Look at the data below and print exactly the lines from its first line through the line with "Clark House neighbor—and"; the pictures stay out of the copy.

-- Input data follows --

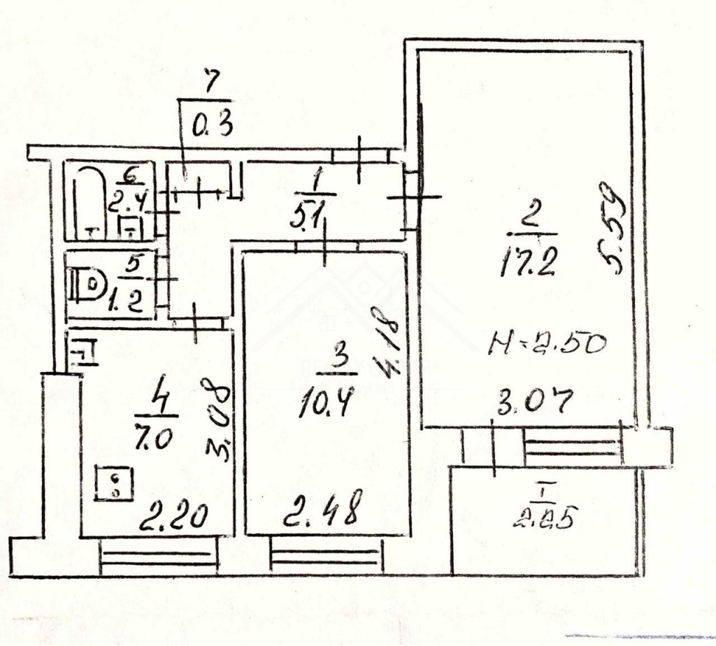 3 кімн., площа 56/44/6, поверх 2/5
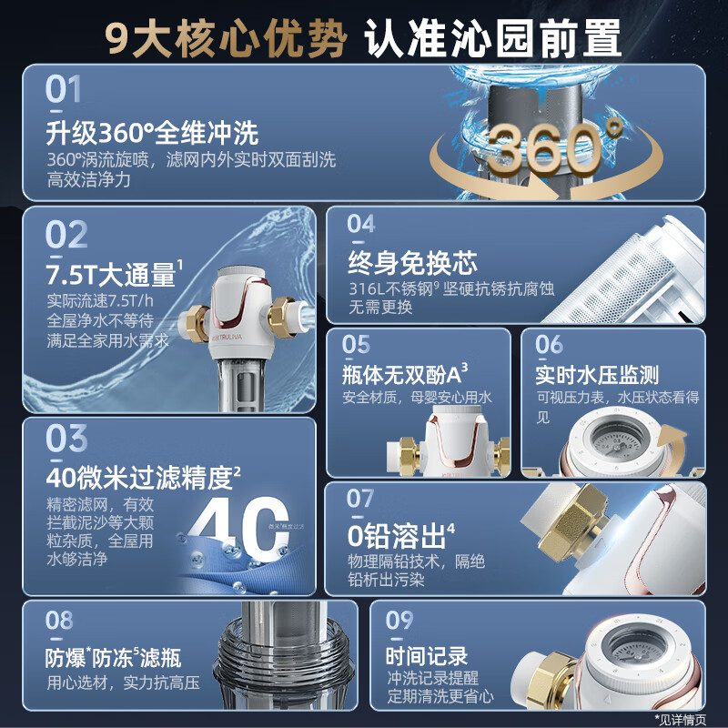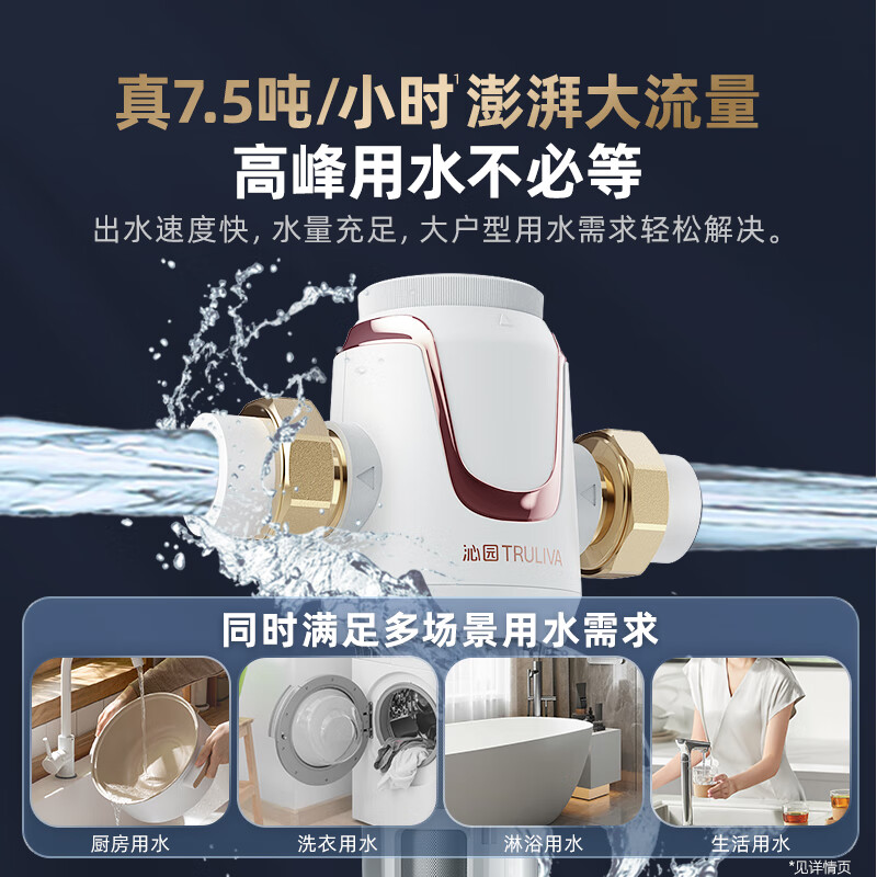 沁园(TRULIVA)升级款顶配前置过滤器 7.5吨/小时大流量 全屋家用净水器P-S5516价格:549.00元!
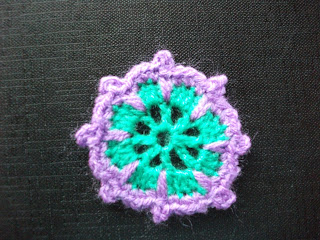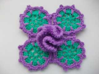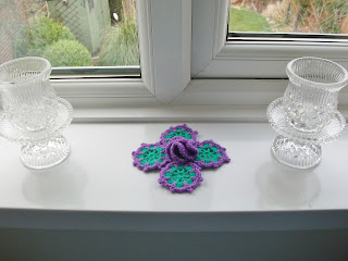 This motif can be quite awkward to make as there are so many increases but it is worth it because it's lovely when it's finished. The picture doesn't do it justice, this little flower can be made as big or as small as you like and can be used for all kinds of things. I have made mine on the small side because I wanted to use it as part of a little centre piece.
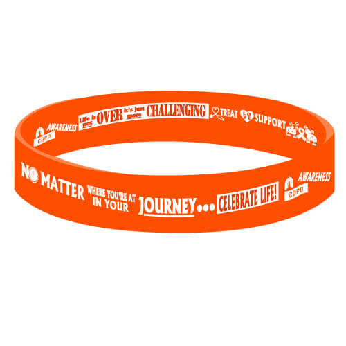 COPD effects Millions of people every year, this bracelet will bring awereness.. Size Adult 8. Wristbands are made of 100% silicone and are made to the exact specifications and quality of the popular LiveStrong® wristbands.
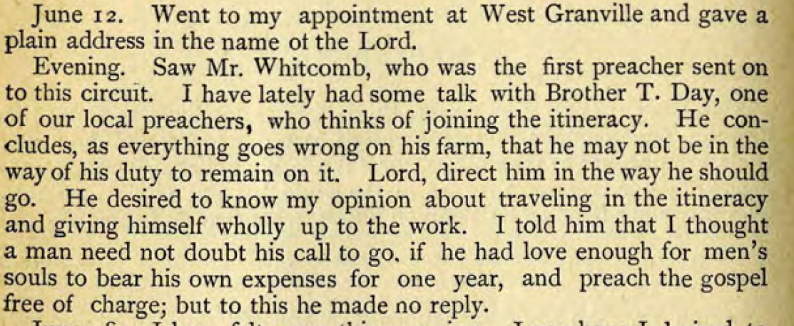 Clark House neighbor—and fervent Methodist preacher—James W. Woodworth mentions “Brother” Thomas Day several times in his published diary. This passage, from June 12, 1853, is particularly informative:
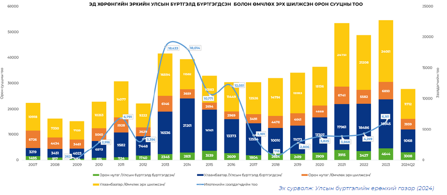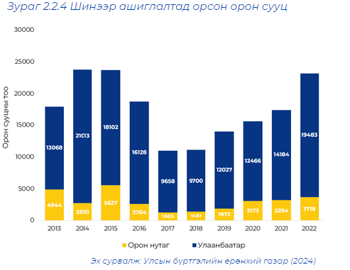 Нийслэл хотод 2007-оос 2024 оны 2-р улирал хүртэлх хугацаанд эд хөрөнгийн эрхийн улсын бүртгэлд өмчлөх эрх шилжсэн 334,216 орон сууц байгаагаас дийлэнх буюу 75 хувь нь Улаанбаатар хотоос, үлдсэн 25 хувь орон нутгаас бүрджээ. 2024 оны 2-р улирлын байдлаар нийслэлд 11,712 орон сууц, орон нутагт 3,939 орон сууцны өмчлөх эрх шилжсэн буюу орон нутагт орон сууцны нийлүүлэлт өсөх хандлагатай байна. 2013 оноос хойш улсын хэмжээнд нийт 176907 орон сууц шинээр ашиглалтад орсноос 145829 буюу 82.4%-ийг Улаанбаатар хотод, үлдсэн 17.6 хувь нь хөдөө орон нутагт ашиглалтад оржээ. (Зураг 2.2)
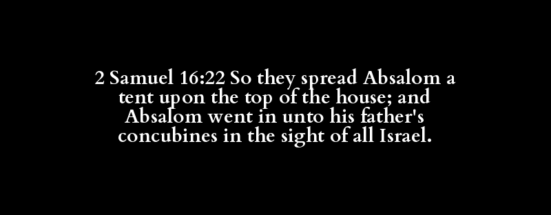 2 Samuel 16:22 So they spread Absalom a tent upon the top of the house; and Absalom went in unto his father's concubines in the sight of all Israel.

-- Input data concluded --

#### Output:
 3 кімн., площа 56/44/6, поверх 2/5
 沁园(TRULIVA)升级款顶配前置过滤器 7.5吨/小时大流量 全屋家用净水器P-S5516价格:549.00元!
 This motif can be quite awkward to make as there are so many increases but it is worth it because it's lovely when it's finished. The picture doesn't do it justice, this little flower can be made as big or as small as you like and can be used for all kinds of things. I have made mine on the small side because I wanted to use it as part of a little centre piece.
 COPD effects Millions of people every year, this bracelet will bring awereness.. Size Adult 8. Wristbands are made of 100% silicone and are made to the exact specifications and quality of the popular LiveStrong® wristbands.
 Clark House neighbor—and fervent Methodist preacher—James W. Woodworth mentions “Brother” Thomas Day several times in his published diary. This passage, from June 12, 1853, is particularly informative:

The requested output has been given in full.